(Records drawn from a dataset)
▬▬▬▬▬▬▬▬▬▬
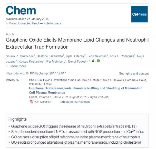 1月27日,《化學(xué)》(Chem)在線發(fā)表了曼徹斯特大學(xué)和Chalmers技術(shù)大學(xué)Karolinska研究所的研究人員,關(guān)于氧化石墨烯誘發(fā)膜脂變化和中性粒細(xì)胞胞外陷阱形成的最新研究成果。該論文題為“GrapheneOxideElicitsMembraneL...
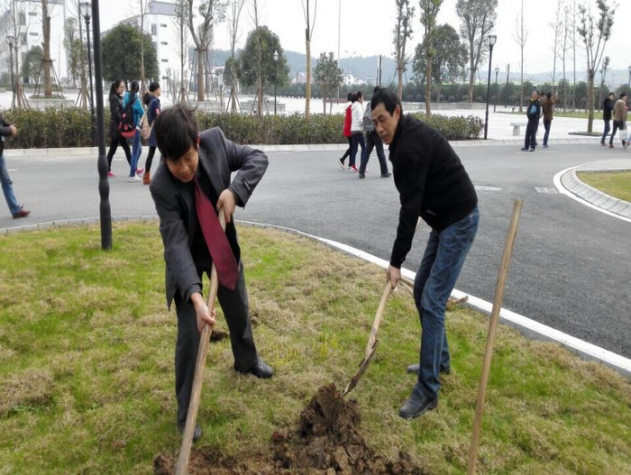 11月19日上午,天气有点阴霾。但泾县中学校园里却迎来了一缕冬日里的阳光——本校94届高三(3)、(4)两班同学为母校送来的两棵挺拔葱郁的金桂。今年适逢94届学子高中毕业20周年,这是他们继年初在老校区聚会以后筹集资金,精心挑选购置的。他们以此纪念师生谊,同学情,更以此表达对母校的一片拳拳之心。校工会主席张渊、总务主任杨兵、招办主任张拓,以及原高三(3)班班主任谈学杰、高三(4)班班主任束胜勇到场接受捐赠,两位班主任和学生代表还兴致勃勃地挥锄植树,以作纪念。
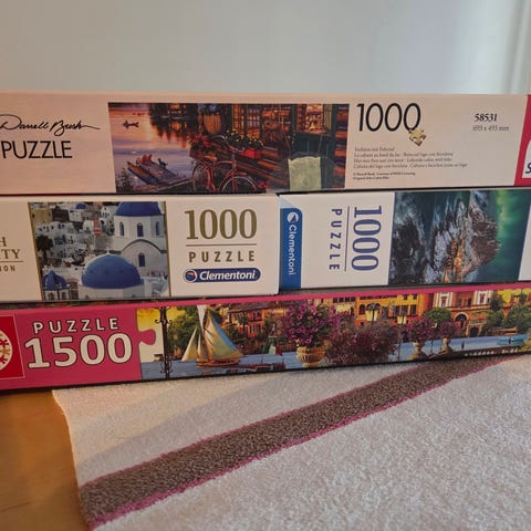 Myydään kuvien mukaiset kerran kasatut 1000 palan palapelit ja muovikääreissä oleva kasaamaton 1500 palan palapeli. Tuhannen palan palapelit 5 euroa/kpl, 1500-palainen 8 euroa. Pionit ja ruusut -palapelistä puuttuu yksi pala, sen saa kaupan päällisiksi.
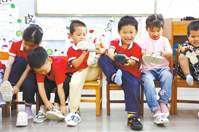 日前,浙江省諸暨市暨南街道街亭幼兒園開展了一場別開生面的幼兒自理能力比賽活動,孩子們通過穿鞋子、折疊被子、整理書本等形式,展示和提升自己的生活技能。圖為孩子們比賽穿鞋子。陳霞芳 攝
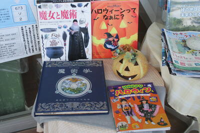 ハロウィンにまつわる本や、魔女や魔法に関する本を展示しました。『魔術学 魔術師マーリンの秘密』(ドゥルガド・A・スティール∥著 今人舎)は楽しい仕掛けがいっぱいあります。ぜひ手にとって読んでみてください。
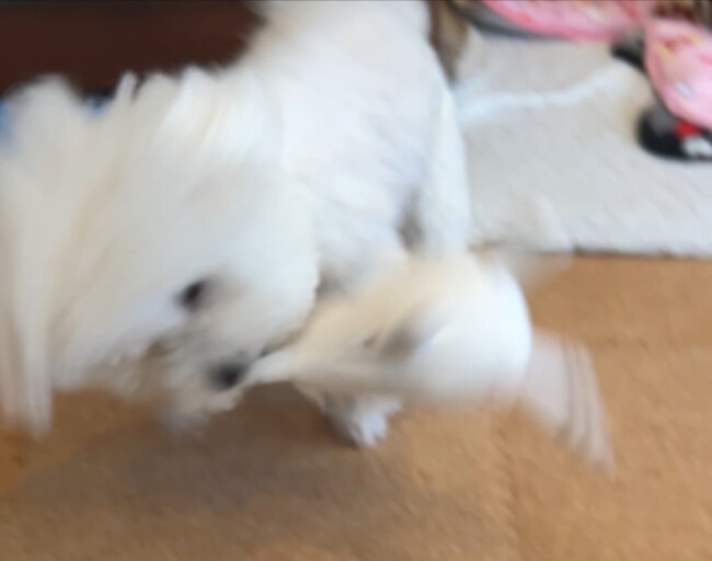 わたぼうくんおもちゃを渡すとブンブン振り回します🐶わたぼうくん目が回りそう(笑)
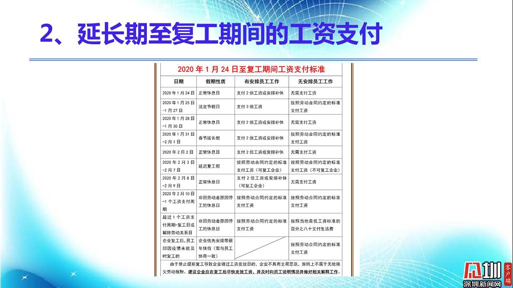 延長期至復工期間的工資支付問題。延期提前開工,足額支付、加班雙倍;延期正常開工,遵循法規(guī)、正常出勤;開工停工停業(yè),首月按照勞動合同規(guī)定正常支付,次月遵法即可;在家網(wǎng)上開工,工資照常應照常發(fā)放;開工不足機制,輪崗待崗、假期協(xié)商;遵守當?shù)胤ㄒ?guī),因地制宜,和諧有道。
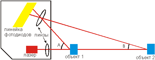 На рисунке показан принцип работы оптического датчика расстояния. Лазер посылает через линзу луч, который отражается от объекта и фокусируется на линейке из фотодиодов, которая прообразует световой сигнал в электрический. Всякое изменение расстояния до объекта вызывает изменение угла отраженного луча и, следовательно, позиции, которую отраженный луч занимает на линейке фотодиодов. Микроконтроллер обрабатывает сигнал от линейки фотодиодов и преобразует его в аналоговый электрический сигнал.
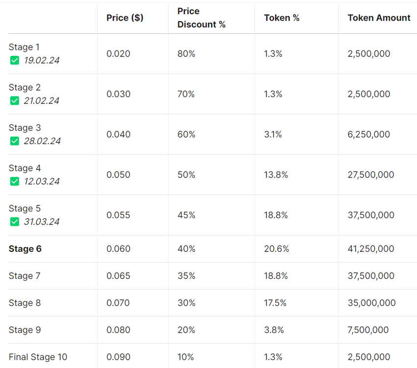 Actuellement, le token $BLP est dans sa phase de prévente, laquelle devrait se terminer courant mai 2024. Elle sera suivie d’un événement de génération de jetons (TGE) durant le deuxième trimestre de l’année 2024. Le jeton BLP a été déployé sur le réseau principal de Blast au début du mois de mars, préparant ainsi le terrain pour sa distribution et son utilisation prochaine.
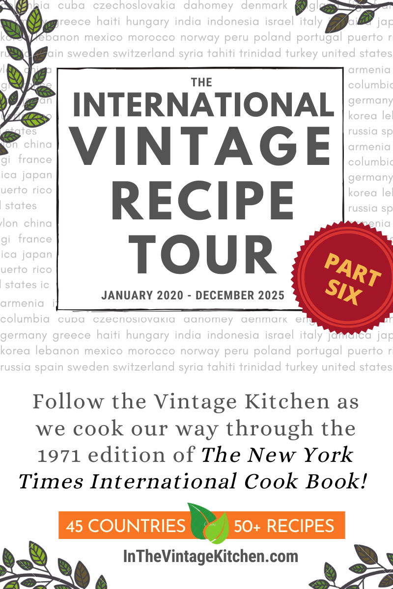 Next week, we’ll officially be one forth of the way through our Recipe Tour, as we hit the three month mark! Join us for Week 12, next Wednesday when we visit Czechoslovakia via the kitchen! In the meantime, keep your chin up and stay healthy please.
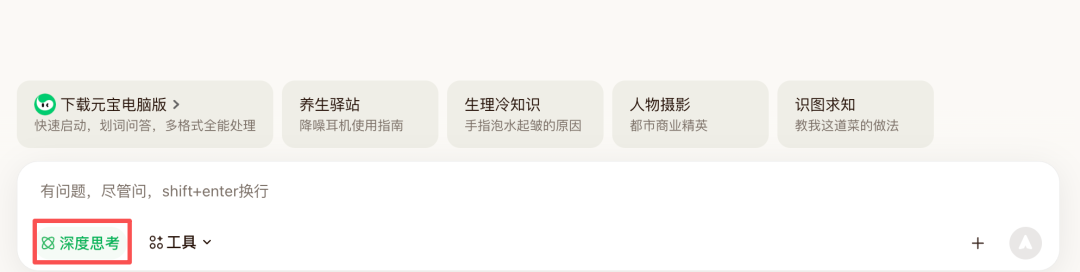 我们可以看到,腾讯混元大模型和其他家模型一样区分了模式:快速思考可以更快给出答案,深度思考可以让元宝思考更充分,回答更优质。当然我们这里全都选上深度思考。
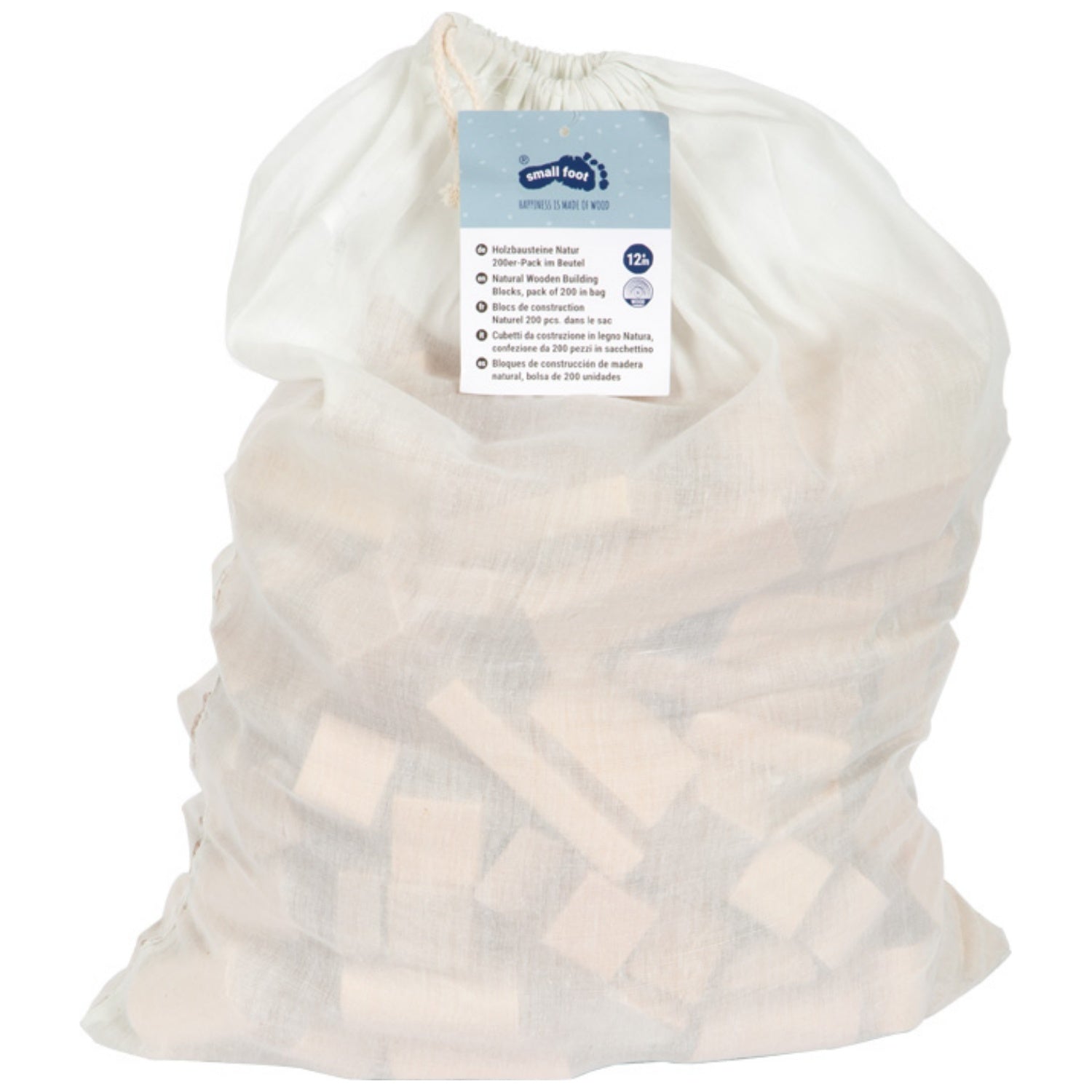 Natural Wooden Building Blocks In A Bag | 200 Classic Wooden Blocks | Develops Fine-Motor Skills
▬▬▬▬▬▬▬▬▬▬
Exclude the images and copy every record above exactly.

 1月27日,《化學(xué)》(Chem)在線發(fā)表了曼徹斯特大學(xué)和Chalmers技術(shù)大學(xué)Karolinska研究所的研究人員,關(guān)于氧化石墨烯誘發(fā)膜脂變化和中性粒細(xì)胞胞外陷阱形成的最新研究成果。該論文題為“GrapheneOxideElicitsMembraneL...
 11月19日上午,天气有点阴霾。但泾县中学校园里却迎来了一缕冬日里的阳光——本校94届高三(3)、(4)两班同学为母校送来的两棵挺拔葱郁的金桂。今年适逢94届学子高中毕业20周年,这是他们继年初在老校区聚会以后筹集资金,精心挑选购置的。他们以此纪念师生谊,同学情,更以此表达对母校的一片拳拳之心。校工会主席张渊、总务主任杨兵、招办主任张拓,以及原高三(3)班班主任谈学杰、高三(4)班班主任束胜勇到场接受捐赠,两位班主任和学生代表还兴致勃勃地挥锄植树,以作纪念。
 Myydään kuvien mukaiset kerran kasatut 1000 palan palapelit ja muovikääreissä oleva kasaamaton 1500 palan palapeli. Tuhannen palan palapelit 5 euroa/kpl, 1500-palainen 8 euroa. Pionit ja ruusut -palapelistä puuttuu yksi pala, sen saa kaupan päällisiksi.
 日前,浙江省諸暨市暨南街道街亭幼兒園開展了一場別開生面的幼兒自理能力比賽活動,孩子們通過穿鞋子、折疊被子、整理書本等形式,展示和提升自己的生活技能。圖為孩子們比賽穿鞋子。陳霞芳 攝
 ハロウィンにまつわる本や、魔女や魔法に関する本を展示しました。『魔術学 魔術師マーリンの秘密』(ドゥルガド・A・スティール∥著 今人舎)は楽しい仕掛けがいっぱいあります。ぜひ手にとって読んでみてください。
 わたぼうくんおもちゃを渡すとブンブン振り回します🐶わたぼうくん目が回りそう(笑)
 延長期至復工期間的工資支付問題。延期提前開工,足額支付、加班雙倍;延期正常開工,遵循法規(guī)、正常出勤;開工停工停業(yè),首月按照勞動合同規(guī)定正常支付,次月遵法即可;在家網(wǎng)上開工,工資照常應照常發(fā)放;開工不足機制,輪崗待崗、假期協(xié)商;遵守當?shù)胤ㄒ?guī),因地制宜,和諧有道。
 На рисунке показан принцип работы оптического датчика расстояния. Лазер посылает через линзу луч, который отражается от объекта и фокусируется на линейке из фотодиодов, которая прообразует световой сигнал в электрический. Всякое изменение расстояния до объекта вызывает изменение угла отраженного луча и, следовательно, позиции, которую отраженный луч занимает на линейке фотодиодов. Микроконтроллер обрабатывает сигнал от линейки фотодиодов и преобразует его в аналоговый электрический сигнал.
 Actuellement, le token $BLP est dans sa phase de prévente, laquelle devrait se terminer courant mai 2024. Elle sera suivie d’un événement de génération de jetons (TGE) durant le deuxième trimestre de l’année 2024. Le jeton BLP a été déployé sur le réseau principal de Blast au début du mois de mars, préparant ainsi le terrain pour sa distribution et son utilisation prochaine.
 Next week, we’ll officially be one forth of the way through our Recipe Tour, as we hit the three month mark! Join us for Week 12, next Wednesday when we visit Czechoslovakia via the kitchen! In the meantime, keep your chin up and stay healthy please.
 我们可以看到,腾讯混元大模型和其他家模型一样区分了模式:快速思考可以更快给出答案,深度思考可以让元宝思考更充分,回答更优质。当然我们这里全都选上深度思考。
 Natural Wooden Building Blocks In A Bag | 200 Classic Wooden Blocks | Develops Fine-Motor Skills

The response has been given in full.